6D Pose Estimation DATASETS

Instance Vs. Category

  • Instance :
  • Instance-level tasks usually treat each object as a class & need an exact 3D model for each object.
  • These datasets treat an object as a class and the objects in their test set are seen in the training phrase.
  • Challenges of Instances:

    • Viewpoint variability (VP)
    • Sampled the test scenes where target objects are located to produce sequences that are widely distributed in the pose space by [0 − 360] degree, [−180 − 180] degree, [−180 − 180] degree in the roll, pitch, and yaw angles, respectively.
    • As the pose space gets wider, the amount of data required for training a 6D estimator increases, in order to capture reasonable viewpoint coverage of the target object.

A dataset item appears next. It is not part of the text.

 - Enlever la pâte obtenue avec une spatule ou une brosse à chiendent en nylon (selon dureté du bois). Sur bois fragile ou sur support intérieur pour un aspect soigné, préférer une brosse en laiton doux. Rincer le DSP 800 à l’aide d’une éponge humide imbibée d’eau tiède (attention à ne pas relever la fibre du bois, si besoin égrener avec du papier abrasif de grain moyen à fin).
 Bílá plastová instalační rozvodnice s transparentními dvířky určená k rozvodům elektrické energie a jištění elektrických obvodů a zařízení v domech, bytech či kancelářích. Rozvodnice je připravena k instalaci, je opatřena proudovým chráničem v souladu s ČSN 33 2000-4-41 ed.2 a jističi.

    • Texture-less objects (TL)

    • Texture is important information for RGB cameras, which can capture and represent a scene by 3 basic colors (channels): red, green and blue.
    • An object of interest can easily be distinguished from background or any other instances available in the scene, in case it is sufficiently textured.
    • Texture on the surface allows to define discriminative features to represent the interested object.
    • When objects are texture-less, this discriminative property disappears, and thus making methods strongly dependent on depth channel in order to estimate 6D poses of objects.

    • Occlusion (O)

    • One of the most common challenges observed in 6D object pose estimation.
    • Occlusion occurs when an object of interest is partly or completely blocked by other objects existing in the scene.
    • Naive occlusion is handled by either modelling it during an off-line training phase or engineering a part-based approach that infers the 6D pose of the object of interest from its unoccluded (occlusion-free) parts.
    • The existence of severe occlusion gives rise false positive estimations, degrading methods’ performance.

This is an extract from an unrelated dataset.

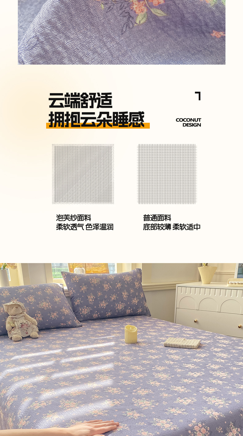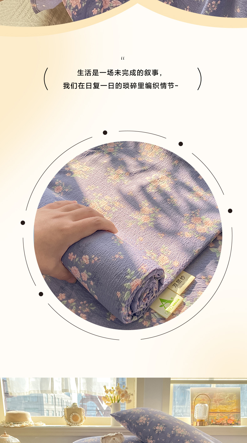 • 91家纺网 家纺一手货源 找家纺 晓时候 2026新款A类云感双层纱床单三件套单品单件床单 豆蔻

    • Severe Occlusion (SO)

    • Clutter (C)

    • Clutter is a challenge mainly associated with complicated backgrounds of images, in which existing objects of interest even cannot be detected by naked eye.
    • Several methods handle this challenge training the algorithms with cluttered background images.
    • Utilizing background images alleviates the generalization capability of methods, making those data-dependent.

    • Similar-looking distractors (SLD)

    • Similar-looking distractors along with similar looking object classes is one of the biggest challenges observed in 6D object pose recovery.
    • In case the similarity is in depth channel, 6D pose estimators are strongly confused because of the lack of discriminative selection of shape features.
    • The lacking in shape is compensated by RGB in case there is no color similarity.

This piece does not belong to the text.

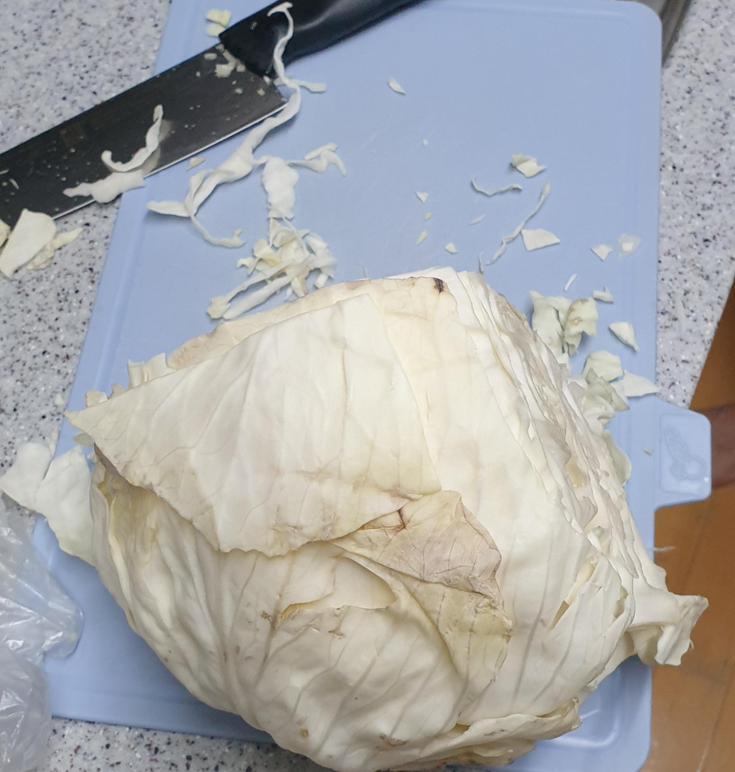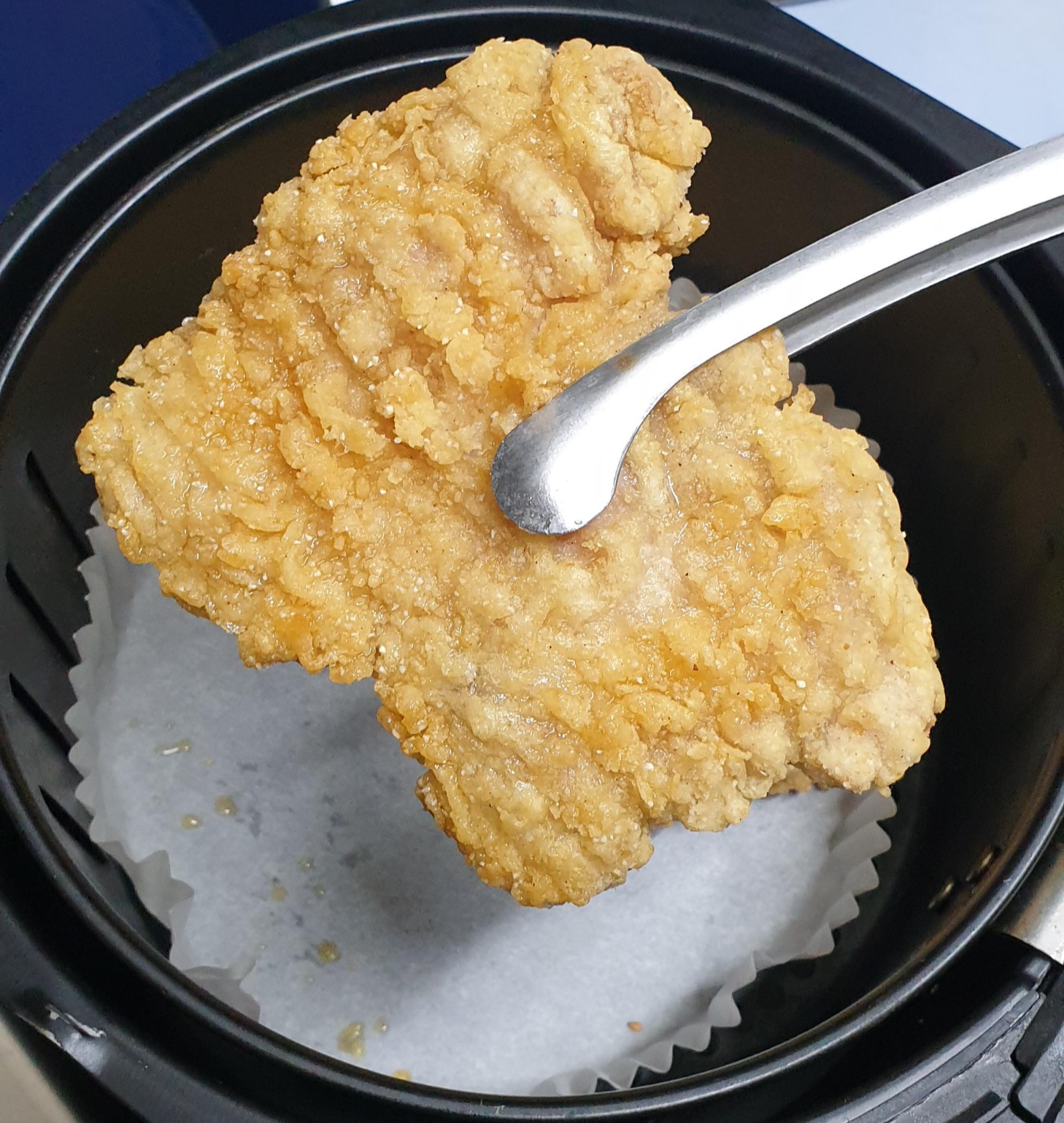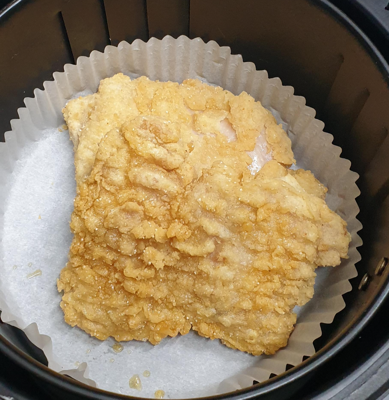 유린기는 두 개가 들어있네요. 유린기는 그냥 소스만 부어먹으면 느낌이 안 나니 냉장고에 있던 양배추를 채 썰어 추가해서 먹었습니다. 저는 에어프라이어로 조리했습니다. 꽤 오래 걸려서 20분 정도 조리한 것 같네요.

    • Multiple Instance (IM)

    • Bin Picking (BP)

  • Category :

  • Category-level tasks target at generalization for the unseen objects without exact 3D models.
  • These datasets treat the objects from the same category as a class, so their test set with unseen objects focuses on evaluation for the generalization ability.
  • Challenges of Category:

    • Distribution shift among source and target
    • Any 6D pose estimation working at the level of categories is tested on the instances in target domain.
    • The objects in the target domain are different than that are of the source domain, there is a shift between the marginal probability distributions of these two domains.
    • Additionally, this distribution shift itself also changes as the instances in the target domain are unseen to the 6D pose estimator.

    • High intra-class variations

    • Despite the fact that instances from the same category typically have similar physical properties, they are not exactly the same.
    • Texture and color variations are seen in RGB channel, geometry and shape discrepancies are observed in depth channel.
    • Geometric dissimilarities are related to scale and dimensions of the instances, and shape-wise, they appear different in case they physically have extra parts out of the common ones.
    • Category-level 6D object pose estimators handle intra-class variation during training using the data that are of the instances belonging to the source domain.

Note: instances’ challenges can also be observed at level of categories, but not the other way round.

NOCS: normalized object coordinate space, renders the object’s local XYZ space to RGB with Alpha indicating whether the object exists within the pixel.